Pensò se lo zio Pier conoscesse il russo: di lingue ne conosceva un fracco perché lavorava nello studio di un avvocato, ma forse non il russo. Poi era uno di famiglia ed essendo cugino primo di Mamma poteva essere coinvolto anche lui. Poteva tradurlo con ‘google’ ma forse il suo portatile lì non aveva campo: che se ne facevano di internet le galline e i conigli?
Intanto sarebbe dovuto tornare: non poteva rischiare di portarsi dietro quel quinterno di carta spessa formato protocollo, neppure nascondendolo sotto la maglia. Intanto oltre le vecchie tende di nylon e i vetri malfermi della piccola finestra si sentiva un temporale in arrivo, il sole era andato via e i castagni si agitavano al vento. Presto Berto l’avrebbe chiamato per tornare a casa.

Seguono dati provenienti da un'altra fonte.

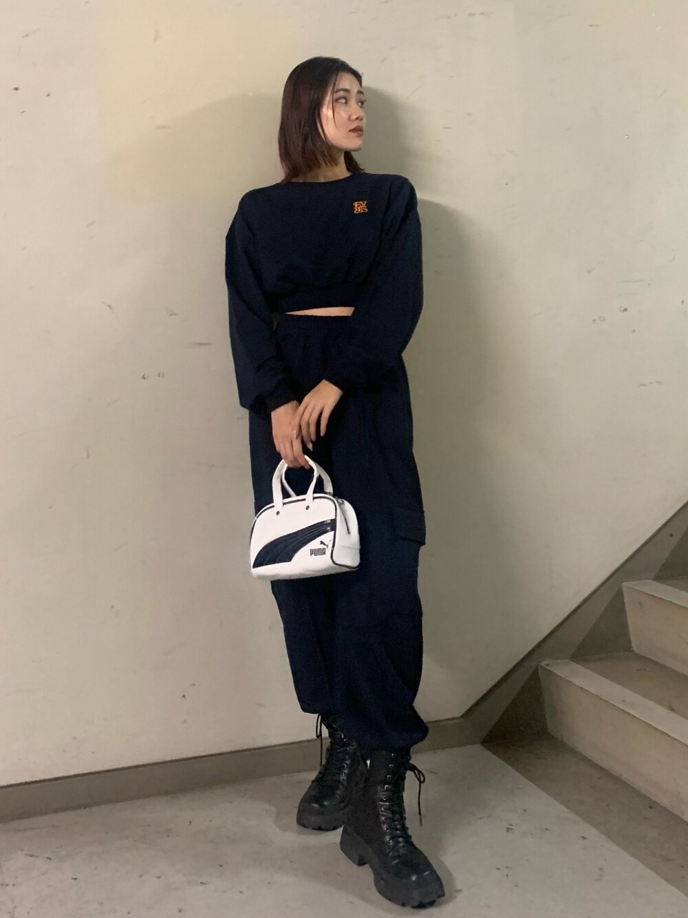 スウェットセットアップスタイル❤︎ 【トップス】ウエストの部分がゴムになっておりお腹周りをスッキリ仕上げてくれます✴︎ 【パンツ】履き心地抜群でラフに愛用できます❤︎コーデに取り入れるだけで一気に海外風スタイルへ... 【バッグ】プーマのセレクトアイテムです❤︎コロンとしたフォルムがハンドでも持ちやすいです! 【シューズ】軽量で足に負担なく履けます!24cmでLサイズ着用です☺︎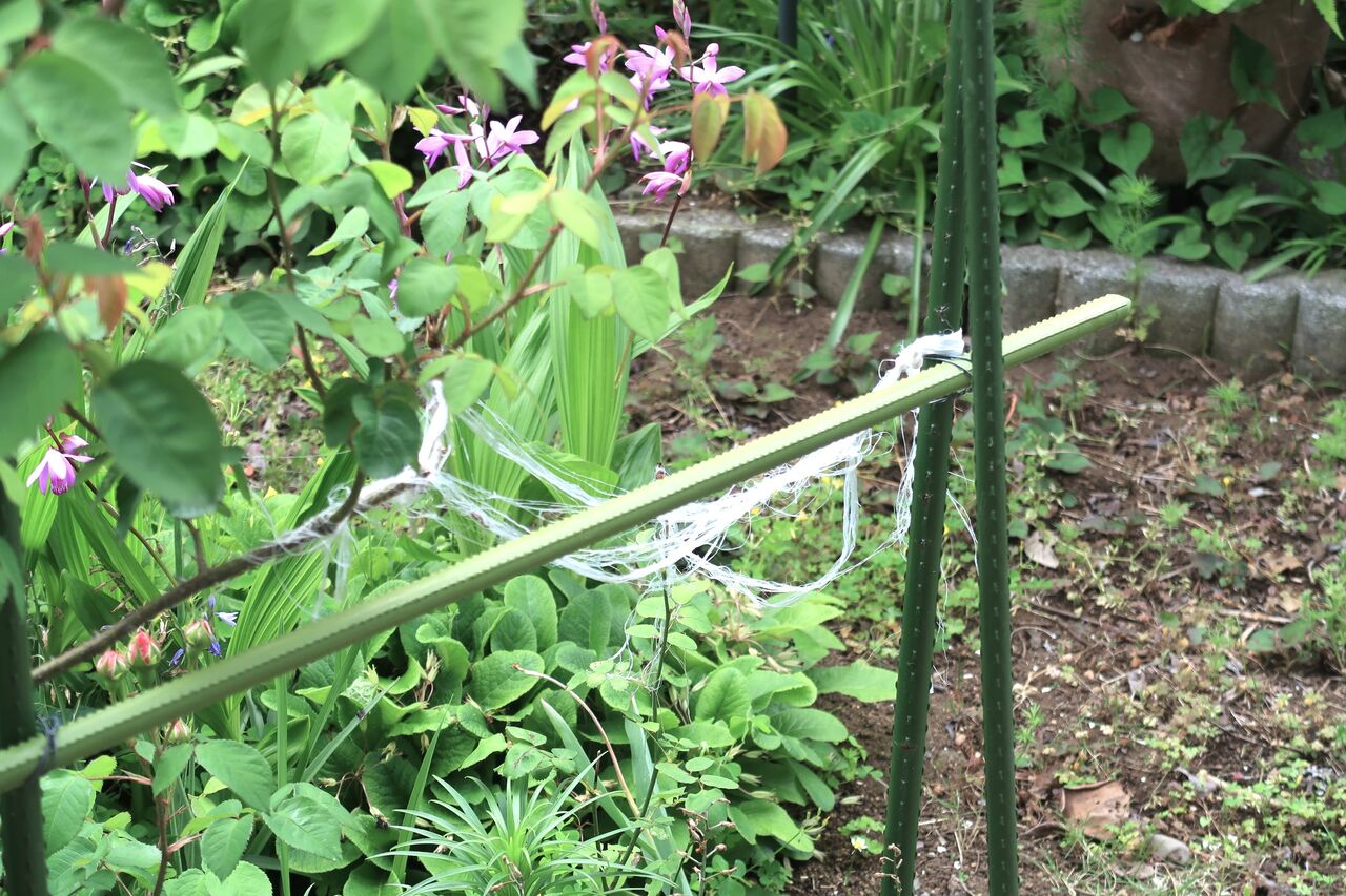 バラの支柱に絡まったこんな荷作りテープも採取しようとしていました。

Poi sotto notò un altro foglio: questo era in italiano. Lesse e gli si annebbiò la vista…

“CERTIFICATO DI ADOZIONE…Giorgio Viktor Gimondo, di sesso maschile, nato il 3 gennaio 1995 alle ore 05 a Stepnogorsk, CSI, …si certifica l’ingresso in Italia del bambino…”

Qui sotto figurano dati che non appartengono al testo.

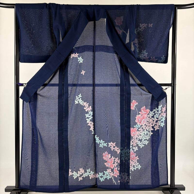 【訪問着】 青系 濃紺 秀品 B 約160cm~約169cm 裄丈66cm (M)size 袖丈49cm 9990-29990 二万以下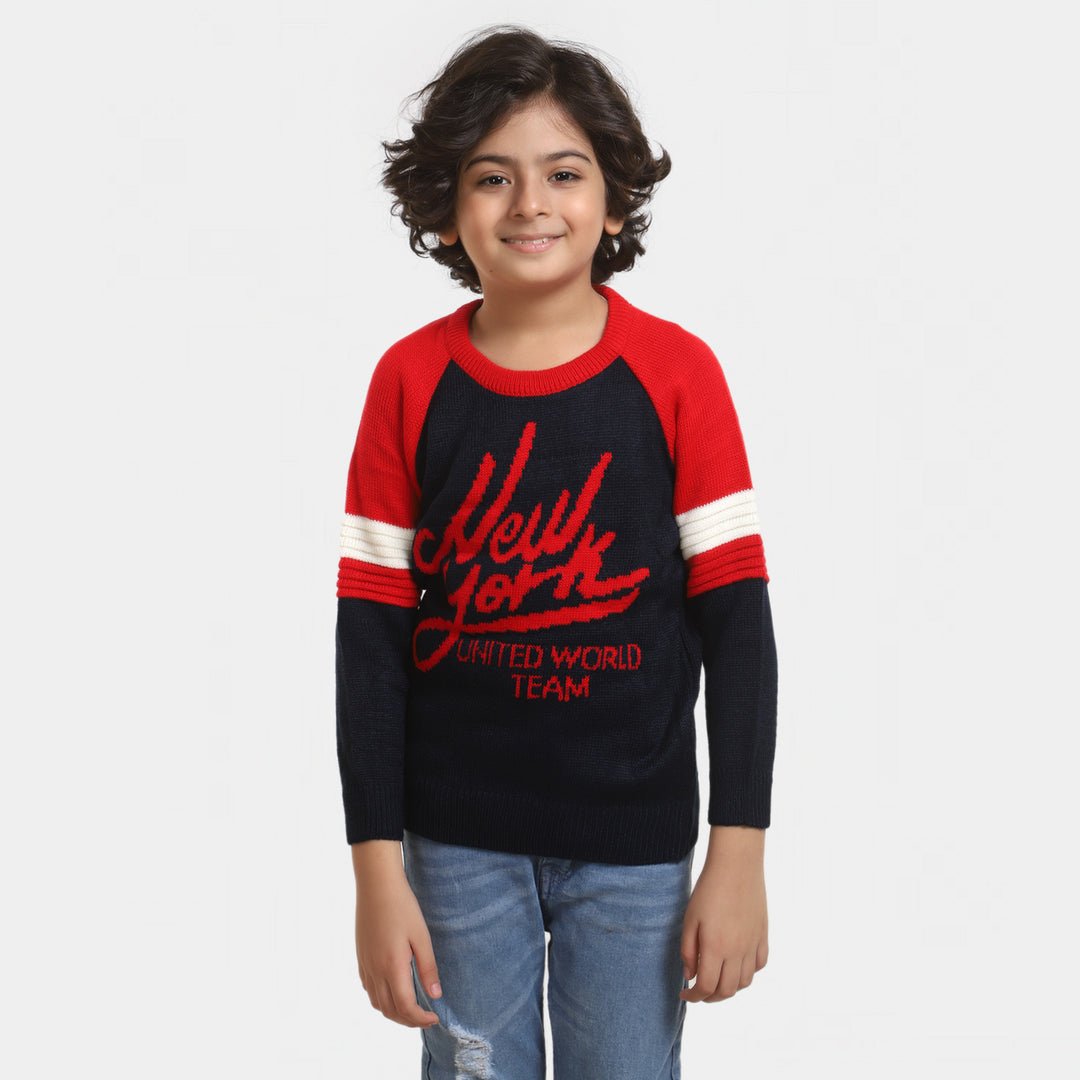 Boys Acrylic Full Sleeves Sweater -Navy Blue

Da fuori, il rumore del temporale sempre più vicino come i richiami di Berto. Ma quel che Giorgio aveva letto era bastato per cambiargli la vita. Rimise tutto a posto, richiuse il cassetto, mise la chiave nella tasca dei pantaloni di tela e scese giù per le ripide scale.
Aiutò Berto a caricare delle ceste e poi, insieme, s’incamminarono verso casa, mentre il temporale si stava avvicinando sempre più, con le chiome dei castagni che sembravano anime in pena.
“Stavolta qui tempesta (grandina)!” disse Berto tra i denti. “Il tempo è diventato cattivo come la gente!”
Arrivarono a casa che il temporale scoppiò con tutta la sua violenza. Giorgio entrato in casa, corse a rimettere la chiave nella sua scatola, poi andò a farsi la doccia per lavare via quell’odore insistente di polvere, lana vecchia, carta e naftalina.
I nonni, al loro ritorno, lo trovarono lavato e cambiato seduto in soggiorno a leggere.
“Ma che bravo…sei un giovanotto, ormai!”
Giorgio non corse più alla Casa Vecchia, neppure quando i cugini tornarono dal mare. Era cambiato, era maturato dicevano i nonni, vedendolo così giudizioso e serio. Non correva più, né usciva a giocare con i cugini, ma intorno a quell’età si cambia, a volte repentinamente, così ragionavano.

Ora Giorgio sempre più ‘navigava’ su internet.
Aveva scoperto che nell’allora Comunità degli Stati Indipendenti, a metà, temporale, fra Unione sovietica e Russia c’erano ben due Stepnogorsk. La prima era in Ucraina ma era stata abbandonata nel 1986 dopo l’incidente di Cernobyl. Restava quindi quella in Asia, tra Siberia e Kazakistan, anzi, ormai in Kazakistan, in una landa desolata tra vecchi impianti militari sovietici, cupi ricordi della guerra fredda…
Forse avrebbero atteso i 18 anni per dirgli la verità, ma intanto l’infanzia e la spensieratezza se n’erano andate via per sempre.